Eventually, that summer, I went on to head coach that team with another mom as my assistant and I coached softball another four years after that. I’m a better parent of a sports player because I’ve been a coach. That chic’s story in the jewelry shop just got me to thinking about how I started my coaching career….

it’s always good to be open minded…you just never know what volunteer opportunities may “swing” your way….


{April 19, 2011}   Coaching for Purpose…

It’s funny how when you do a job for 40+ hours a week it bleeds into the rest of your life. On some of those days when I’m not managing library volunteers, I coach girls volleyball. 15-year-old girls to be exact. This past weekend we had a tournament and with 15-year-old girls comes 15-year-old girl drama. That I can handle. It’s the parents that sometimes I can’t, but this weekend was different. I was without an assistant coach, so with the permission of the girls, I asked each one of their parents to volunteer coach with me from the bench. It’s probably the best thing I’ve done all season.

People need a purpose. It was interesting that when I asked them to step over to the bench with me and take over a time out, how quiet things got.

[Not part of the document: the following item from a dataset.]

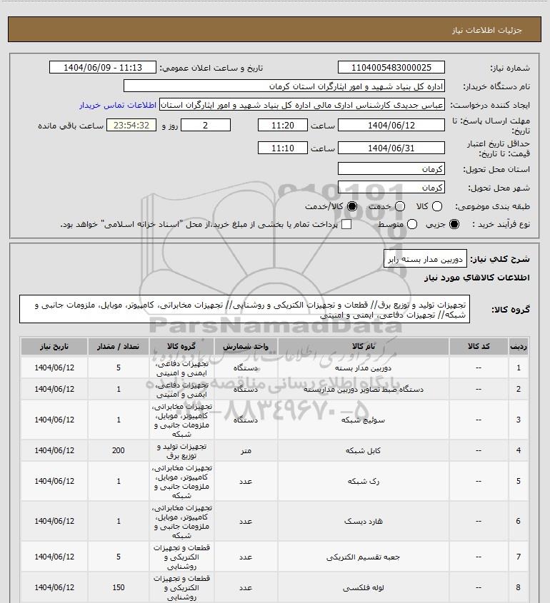 | 1 | -- | دوربین مدار بسته | دستگاه | تجهیزات دفاعی، ایمنی و امنیتی | 5 | 1404/06/12 |

It’s very different in the huddle then it is from the sideline. You’ve got 8 girls looking at you like “tell me what to do, coach.”  I must say, this group of parents really stepped up. They were encouraging, helpful and happy to be on the bench with me. I call all the parents by their daughter’s name, Mr. Katie, Mrs. Kelly, Momma Emma, Mr. Abby. It’s easier on me and that’s why I do it. I only had some trouble when during an official’s time out to do a line up check for the other team, Mr. Katie walked out on the court with his Pepsi, straw in mouth,  to chat with our girls. I had to yell for him to come back…can’t do that, Mr. Katie, the other team will get a point. He strolled back. He was cool with that. All was good in his world.

As with any group, there is always  one in the bunch that takes their role very seriously and for me its Mr. Jaimie. He’s our team medic. Rotating elbows, applying ice, band-aids, recommending stretches and such. After a few games he put together a tackle box full of supplies, tape, pre-wrap, ice packs, padding, gauze. He said the one thing he questioned about getting or not was Quick Clot. I was a little unsure of that choice…were we expecting grenade blasts? shrapnel? machine gun fire? Soon after he told me he had seen a power hit into the face of the opposing team on another court, blood gushing from the nose of the girl who took the hit to the face…he crossed his arms and snapped his fingers in an “aww dang it/shucks” kind of way. He should have gotten the Quick Clot. He’d get some for us for the next tournament. None of our girls were going to bleed out on his watch.

That kind of passion and dedication elevated him from Mr. Jaimie to Doc Jaimie. He liked that. He has purpose, and that’s all that matters.